These are already readable PDFs and not images. The clinical documents came through to me as scanned images. We then converted those images into readable PDFs using OCR. cTAKES is able to read the texts. But I want to understand if it can distinguish BP test result performed during an outpatient visit and in a non-outpatient visit (such as inpatient stay, ED visit, diagnostic test, or surgical procedure). The texts are cluttered with different types of clinical documents (progress notes, radiology notes, H&P notes etc.).

Thanks
Sekhar Hari | Program Lead
Health Sciences Business Innovation
ASDC CGI Health Solutions
Electronic City, Bangalore
Karnataka, India 560100

814 7027 779 (C)
080 6642 2536 (D)

-----Original Message-----
From: Chris Mattmann [mailto:mattmann@apache.org]
Sent: 26 June 2017 10:03
To: dev@ctakes.apache.org; user@ctakes.apache.org
Subject: Re: Visit segregation and extraction

Maybe start out with Apache Tika for text extraction from the PDFs, then run Apache cTAKES on the resultant text?

On 6/25/17, 5:30 PM, "Hari, Sekhar" <se...@cgi.com> wrote:

    Hello there -

    I have a task in hand to process 7,000,000 patient records (PDF files) containing different clinical documents. Each PDF has 20 pages and one PDF = one patient.

    The information to retrieve from these documents is like this for a patient quality measure namely 'Controlling High Blood Pressure' -

    "Extract most recently documented blood pressure occurring after the diagnosis of hypertension (Do not use BP readings from inpatient stay, ED visit, diagnostic test, or surgical procedure). Blood pressure should be routinely assessed as part of a physical exam at each outpatient visit."

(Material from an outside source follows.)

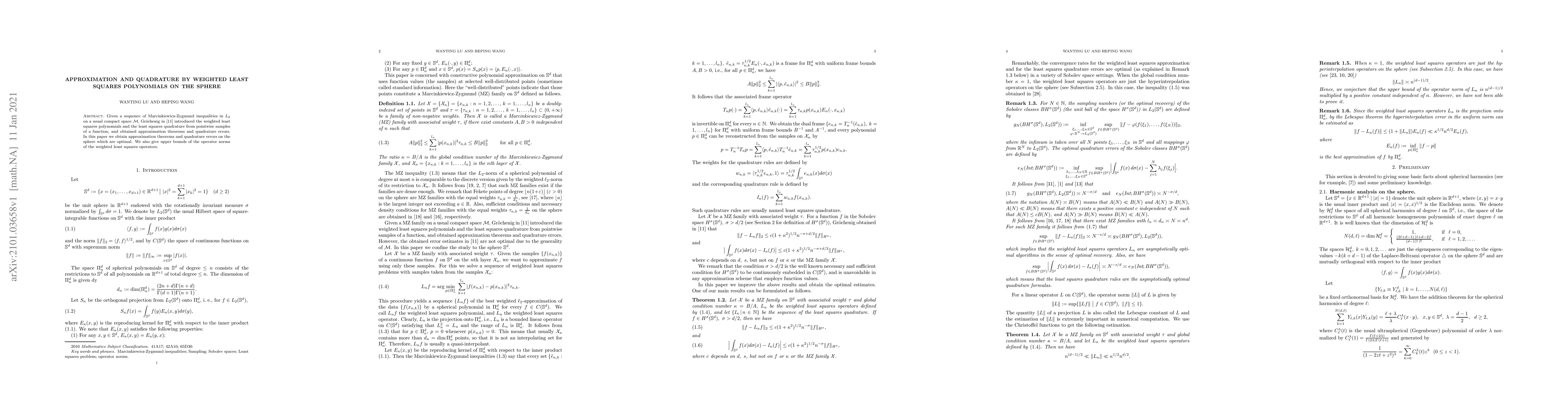 Given a sequence of Marcinkiewicz-Zygmund inequalities in $L_2$ on a usual compact space $\mathcal M$, Gr\"ochenig introduced the weighted least squares polynomials and the least squares quadrature from pointwise samples of a function, and obtained approximation theorems and quadrature errors. In this paper we obtain approximation theorems and quadrature errors on the sphere which are optimal. We also give upper bounds of the operator norms of the weighted least squares operators.
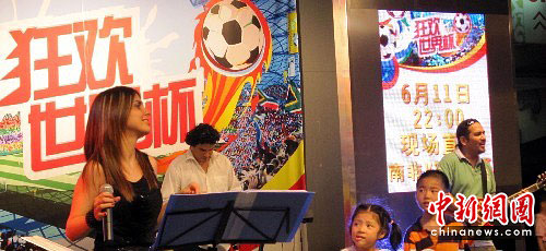 6月11日晚,一支来自“足球王国”巴西的乐队在上海著名时尚地标大宁国际商业广场,与上海居民一起迎接南非世界杯足球赛开幕。图为乐队的美女主唱邀请上海儿童一起表演。中新社发 姜煜 摄

    Can cTAKES identify non-outpatient visits and outpatient visits separately? Are there specific pipelines that we should use to solve this problem?

    Many thanks,
    Sekhar H.

----------------------------------------------------------------------
CONFIDENTIAL NOTICE:

This electronic mail transmission contains confidential information 
including Protected Health Information (PHI) that is legally privileged. 
If you are not the intended recipient, or designee, you are hereby 
notified that any disclosure, copying, distribution or use of any and
all attachments to this transmission is STRICTLY PROHIBITED. If you 
have received this transmission in error, please notify the sender 
immediately to arrange for return or destruction of these documents.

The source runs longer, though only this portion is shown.